# INSTRUCTIONS TO FOLLOW
The entries below are to be returned as written, with all pictures dropped.

[Data extracted from a collection]
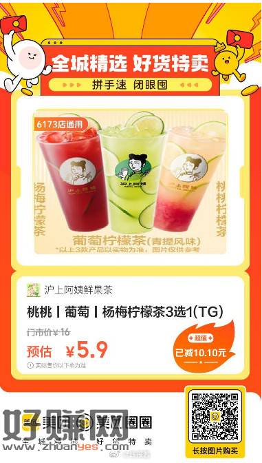 沪上阿姨鲜果茶|桃桃丨葡萄丨杨梅柠檬茶3选1,5.9
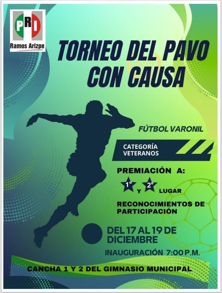 El Comité Directivo Municipal del Partido Revolucionario Institucional (PRI) en Ramos Arizpe, lanzó una invitación a la militancia, simpatizantes y ciudadanía en general para participar en el Torneo del Pavo 2025, en la categoría Varonil Veteranos, un evento deportivo que busca fortalecer la unidad partidista y, al mismo tiempo, apoyar a quienes más lo necesitan.
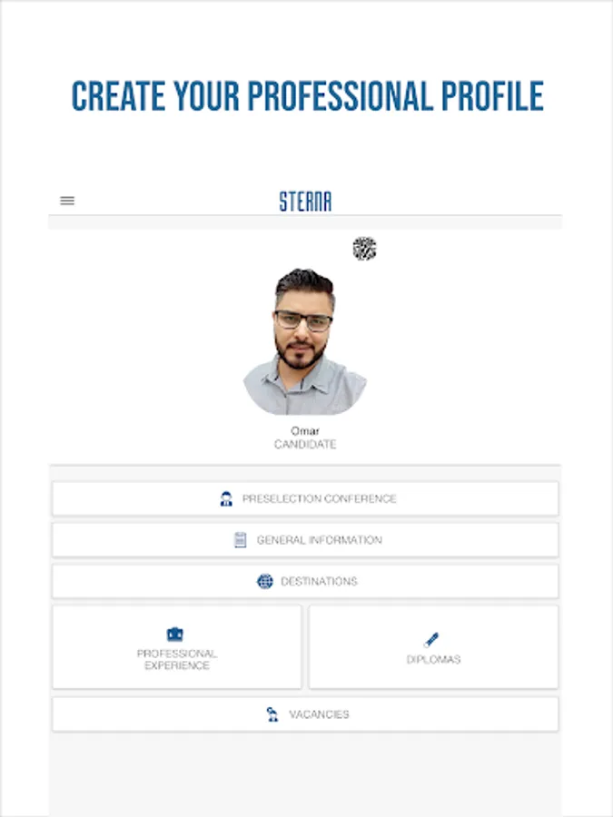 With STERNA you can create your own “Avatar”, meaning a digital profile of yourself including your skill sets. An automated wizard will guide its users during the process until the profile is completed. Exams to validate skills may be required throughout the process. Upon your acceptance, the interviews with the hiring company as well as the exams will take place either virtually or on-site.
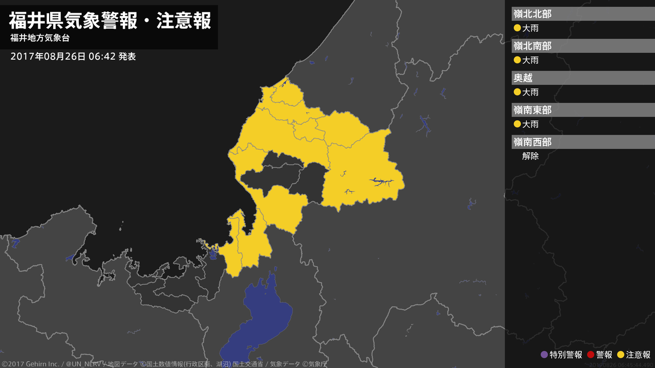 【福井県 気象警報(解除) 2017年08月26日 06:45】福井県に発表されていた気象警報はすべて解除されました。嶺南では26日朝まで、嶺北では26日昼前まで、土砂災害に注意してください。#気象警報 #福井県
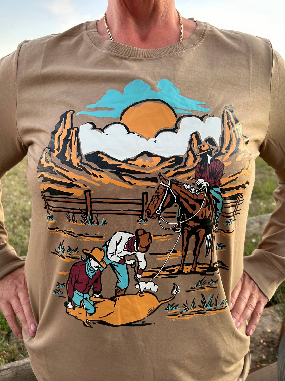 A long sleeve top you can wear with denim, skirts, well... just about anything! Introducing the Women's Branding Day Top by Cruel Girl, a stylish nod to Western flair in a taupe hue. This long sleeve tee, made from soft cotton, features colorful screen-printed graphics that evoke the teamwork between cowboys and horses. Perfect for spring vacations, the top offers a comfortable crewneck design and convenient pull-on closure. Care for this graphic tee is a breeze: simply machine wash and tumble dry.
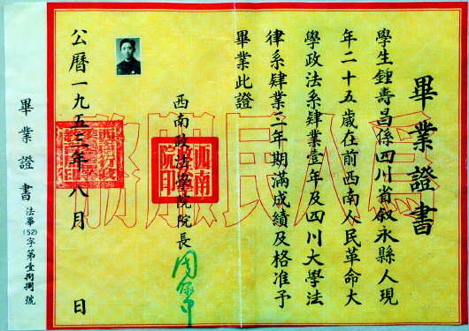西南政法學(xué)院第一張畢業(yè)證。
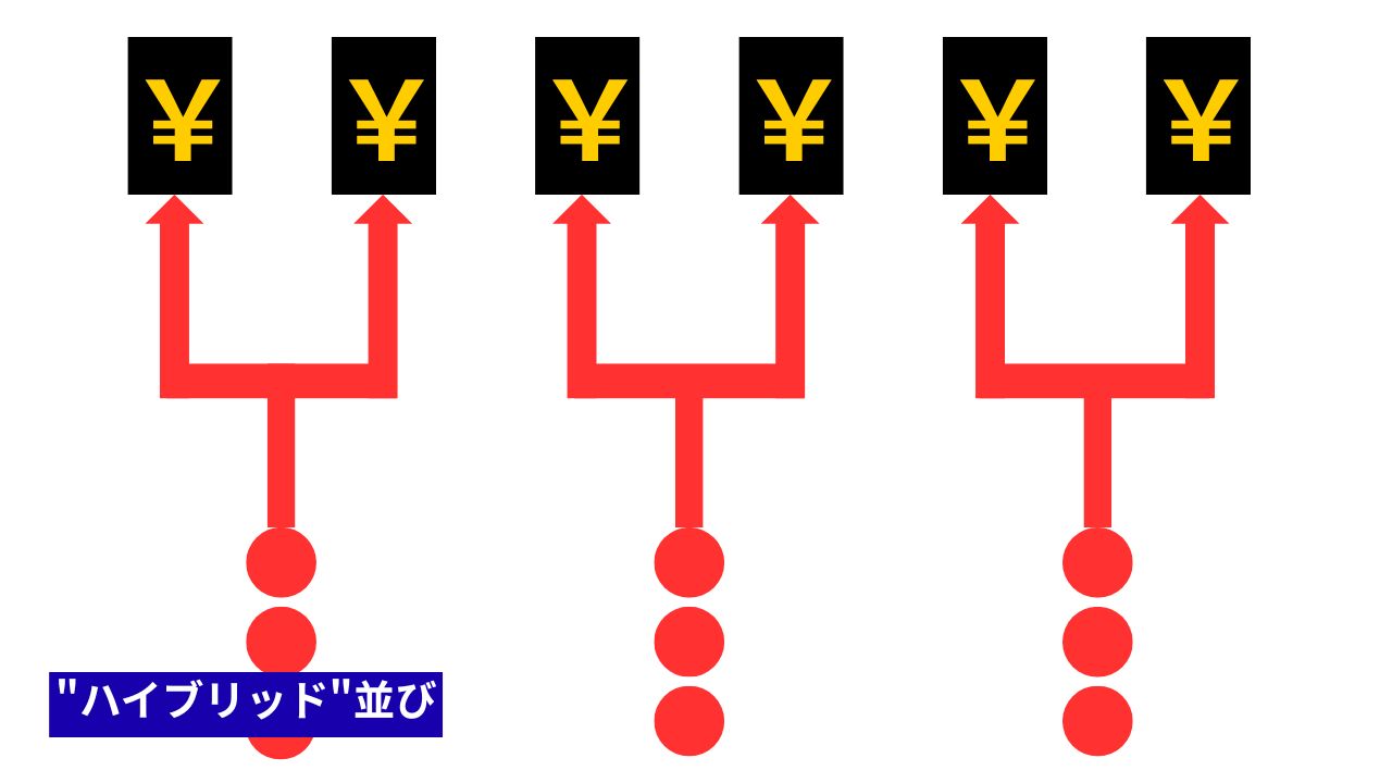 これらの不満が解消される方法として最近、スーパーなどで増えているのが、「並列並び」と「一列並び」」の良い所を活かした「ハイブリッド方式」です。

# THE ANSWER
 沪上阿姨鲜果茶|桃桃丨葡萄丨杨梅柠檬茶3选1,5.9
 El Comité Directivo Municipal del Partido Revolucionario Institucional (PRI) en Ramos Arizpe, lanzó una invitación a la militancia, simpatizantes y ciudadanía en general para participar en el Torneo del Pavo 2025, en la categoría Varonil Veteranos, un evento deportivo que busca fortalecer la unidad partidista y, al mismo tiempo, apoyar a quienes más lo necesitan.
 With STERNA you can create your own “Avatar”, meaning a digital profile of yourself including your skill sets. An automated wizard will guide its users during the process until the profile is completed. Exams to validate skills may be required throughout the process. Upon your acceptance, the interviews with the hiring company as well as the exams will take place either virtually or on-site.
 【福井県 気象警報(解除) 2017年08月26日 06:45】福井県に発表されていた気象警報はすべて解除されました。嶺南では26日朝まで、嶺北では26日昼前まで、土砂災害に注意してください。#気象警報 #福井県
 A long sleeve top you can wear with denim, skirts, well... just about anything! Introducing the Women's Branding Day Top by Cruel Girl, a stylish nod to Western flair in a taupe hue. This long sleeve tee, made from soft cotton, features colorful screen-printed graphics that evoke the teamwork between cowboys and horses. Perfect for spring vacations, the top offers a comfortable crewneck design and convenient pull-on closure. Care for this graphic tee is a breeze: simply machine wash and tumble dry.
西南政法學(xué)院第一張畢業(yè)證。
 これらの不満が解消される方法として最近、スーパーなどで増えているのが、「並列並び」と「一列並び」」の良い所を活かした「ハイブリッド方式」です。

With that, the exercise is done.